SELECT forum_id, auth_option_id, auth_role_id, auth_setting FROM phpbb_acl_users WHERE user_id =

BACKTRACE

FILE: includes/db/mysqli.php
LINE: 143
CALL: dbal->sql_error()

FILE: includes/auth.php
LINE: 773
CALL: dbal_mysqli->sql_query()

FILE: includes/auth.php
LINE: 345
CALL: auth->acl_raw_data_single_user()

FILE: includes/auth.php
LINE: 71
CALL: auth->acl_cache()

FILE: includes/sitemap_functions.php
LINE: 40
CALL: auth->acl()

FILE: includes/acp/acp_sitemap_generator.php
LINE: 47
CALL: generate_sitemap()

FILE: includes/functions_module.php
LINE: 471
CALL: acp_sitemap_generator->main()

FILE: adm/index.php
LINE: 74
CALL: p_master->load_active()

Re: [BETA] SiteMap Generator

Posted: Tue Apr 29, 2008 1:48 pm
by BartVB
This is the query:

Code: Select all

$sql = 'SELECT *
                FROM ' . USERS_TABLE . '
                WHERE user_id = ' . intval($config['sitemap_bot_user']);
So apparently in your case $config['sitemap_bot_user'] is empty... A quick (and really dirty :P) fix is replacing that code with:

Code: Select all

$sql = 'SELECT *
                FROM ' . USERS_TABLE . '
                WHERE user_id = 1234' ;
Where 1234 is the user_id of your bot user.

Re: [BETA] SiteMap Generator

Posted: Tue Apr 29, 2008 8:26 pm
by Dogs and things
Okay,

I got it working nicely now, allthough I made some changes to your code.

I choose to simply use as user_id 1, the anonymous user, because this user_id has guest permissions and will exclude forums without guest-read permissions too.

I cleaned out the bot_auth stuff.

I also cleaned the url-output. For this I changed

Code: Select all

				$f_xml .= '<loc>' . $board_url . "viewtopic.$phpEx?f=" . $row['forum_id'] . '&t=' . $row['topic_id'] . "</loc>\n";
into

Code: Select all

				$f_xml .= '<loc>' . $board_url . "viewtopic.$phpEx?t=" . $row['topic_id'] . "</loc>\n";
As I have a small board and it will be quite some time before I reach the 50.000 url mark I also took out the part that generates the sitemap_index.xml.
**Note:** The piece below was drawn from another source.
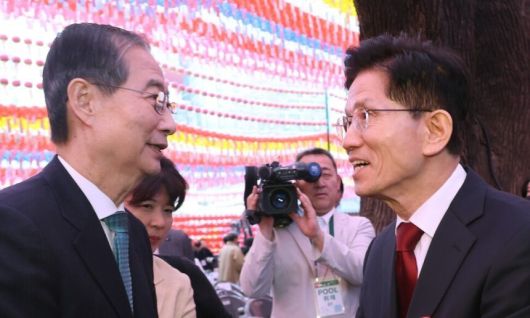 김문수 국민의힘 대통령 후보(오른쪽)와 한덕수 무소속 대통령 후보가 5일 서울 종로구 조계사에서 열린 불기 2569년 부처님오신날 봉축법요식을 마친 뒤 악수하고 있다. 대통령실사진기자단 |

I removed the part that generates a sitemap_forums.xml as I consider Google doesn´t need it.

Finally I reduced the name of the sitemap_topics_xx.xxx-xx.xxx.xml and now it is written as simply sitemap.xml.
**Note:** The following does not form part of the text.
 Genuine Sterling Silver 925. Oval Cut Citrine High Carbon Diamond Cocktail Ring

I'm not sure if I did everything cleanly but the result is a perfect sitemap.xml with a list of all topics that have guest access and as lastmod date the date/time of the last post in that topic.
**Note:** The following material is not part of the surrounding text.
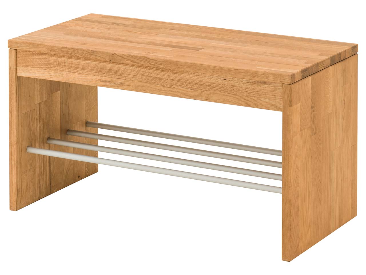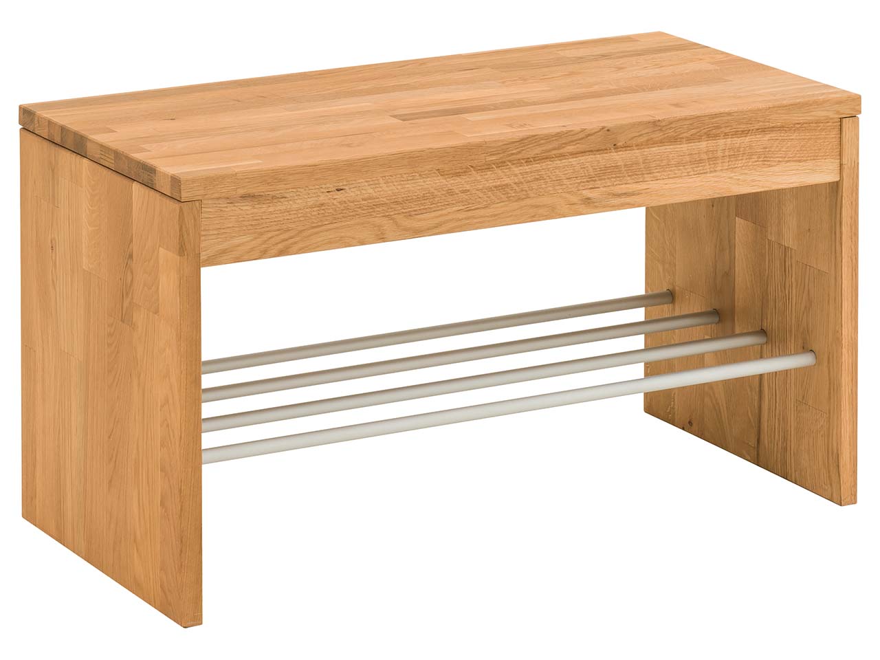 Stilvolles, geradliniges Design für Ihren Eingangsbereich in Wohnung oder Haus: Die Sitzbank "Comma" aus massiver Wildeiche überzeugt mit ihrer hochwertigen, stabilen Qualität. Sie hat eine Schuhablage aus Alurohren, die für eine platzsparende, ordentliche Unterbringung von Schuhen sorgt. B 82 x T 40 x H 45 cm.

I figure that this is exactly what Google needs allthough I don't know if <changefreq> and <priority> are also welcomed by Godoogle. My guess is that he likes those too.

What do you think?

Re: [BETA] SiteMap Generator

Posted: Tue Apr 29, 2008 9:02 pm
by BartVB
It doesn't hurt to have an index file, Google (and the other search engines) know perfectly well how to handle them :) But I can see your point for a small forum although small forums can get big :) Took a quick look and my board had over 50k topics after 16 months and the site wasn't exactly huge at that time...

I wouldn't change the URLs because

viewtopic.php?f=1&t=1234

is what phpBB uses by default. It's what you see on all viewforum.php pages, it's what AdSense sees, it's what people link to. For Google

viewtopic.php?f=1&t=1234
and
viewtopic.php?t=1234

are two completely separate pages...

Using user 1 is a smart idea, would also be a sane default. I'm using the GoogleBot user because that user can do even less than a guest on the board. There are some forums that I don't want to have in the Google index.

What do you mean with 'I cleaned out the bot_auth stuff'?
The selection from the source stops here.